Inside Kuan Yin Hall
Though not as massively impressive as the great Buddha, the more approachable dimensions of these statues and this space have their own special appeal.  The porcelain Kuan Yin dates to the Ming Dynasty (700 years ago) and the gorgeously restored wooden Kuan Yin to its left dates to the Tang Dynasty (1000 years ago).

Ceiling detail, Kuan Yin Hall
After you’ve explored the Kuan Yin Hall, it’s time to stroll the grounds.  You can pick up a pamphlet with a map in the monastery office, downstairs from the Great Buddha Hall. 



The path around the Seven Jewels Lake provides some of the nicest scenery as it winds around weeping cherry trees, a rock garden, over red painted wooden boardwalks and through several areas left in their natural state. 
Chinese style pavilions dot the landscape and provide pleasing places to stop and take it all in.  Picnicking is allowed here, although be aware that visitors are asked to refrain from bringing meat, fish or egg products onto the grounds (see the website for specifics).  

Woo Ju Library, view from Seven Jewels Lake

On the eastern shore of the lake is the Woo Ju Memorial Library, (www.facebook.com/woojumemoriallibrary), also built in the spacious Tang style. It houses a collection of about 6000 volumes in Chinese, English and Pali (Buddha’s original language).  Anyone over 16 years old can obtain a library card and check out up to three books at a time.  The library also has a number of artifacts on display and features a living Bodhi tree, the seed of which came from Buddha’s birthplace. There is even a children's section.  Parents can read here with their children or, on Sunday mornings in the Spring and Fall, they can leave the children at the Chinese School while attending the public meditation session.

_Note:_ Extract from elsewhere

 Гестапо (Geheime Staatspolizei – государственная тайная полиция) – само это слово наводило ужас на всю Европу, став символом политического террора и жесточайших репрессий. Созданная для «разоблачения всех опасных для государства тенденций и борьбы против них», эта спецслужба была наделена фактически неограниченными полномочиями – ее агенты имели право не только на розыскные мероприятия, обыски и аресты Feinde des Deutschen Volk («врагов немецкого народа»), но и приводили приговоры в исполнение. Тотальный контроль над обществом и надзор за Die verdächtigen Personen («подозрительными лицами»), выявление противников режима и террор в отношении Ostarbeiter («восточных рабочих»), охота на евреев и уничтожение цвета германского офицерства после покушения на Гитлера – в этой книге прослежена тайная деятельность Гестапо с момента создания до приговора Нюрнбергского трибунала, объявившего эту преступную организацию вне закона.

If you’re here on the weekend, you can check out the 100% vegetarian lunch served from 12 to 1.  The suggested donation is $6.00; during my visit I stayed to lunch and found the food delicious.  On weekends volunteers also are available to talk to visitors about the monastery and Buddhism; if you want a free tour, you can call ahead to arrange one for groups of 5 or more.  On Saturdays at 1 pm there is usually a free tour in the Buddha Hall (check ahead to make sure since it is run by volunteers) and on Sunday mornings there is the public meditation session.

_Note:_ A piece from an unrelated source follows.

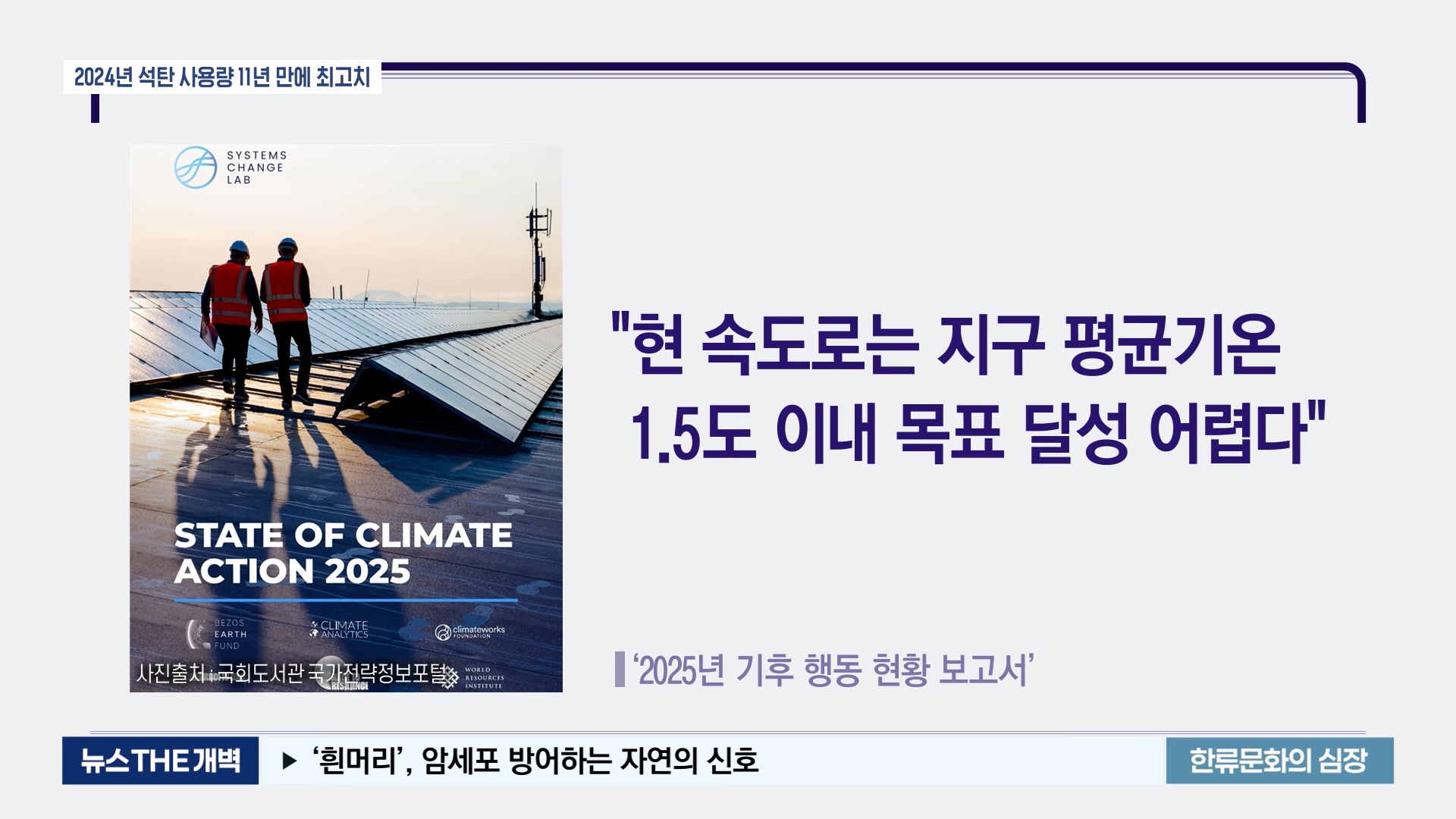 발표한 '2025년 기후 행동 현황' 보고서, 2024년 전 세계 석탄 사용량 사상 최대치

The public retreats, workshops, lectures and meditation sessions are too numerous to cover in detail here.  Take a look on the website or the Facebook page to find out what’s going on.  One thing I will mention—on May 12  the monastery will be hosting its annual Mother’s Day Bathing Buddha Ceremony and Garden Party, a gala event that is both festive and uplifting.


Overall, visitors are free to enjoy the monastery in whatever capacity they wish.  Whether you come for the art, the Buddhism, or the natural beauty, you’ll find something here that you might otherwise have had to travel halfway around the globe to experience. A trip to the Chuang Yen Monastery is an excursion right in our own backyard.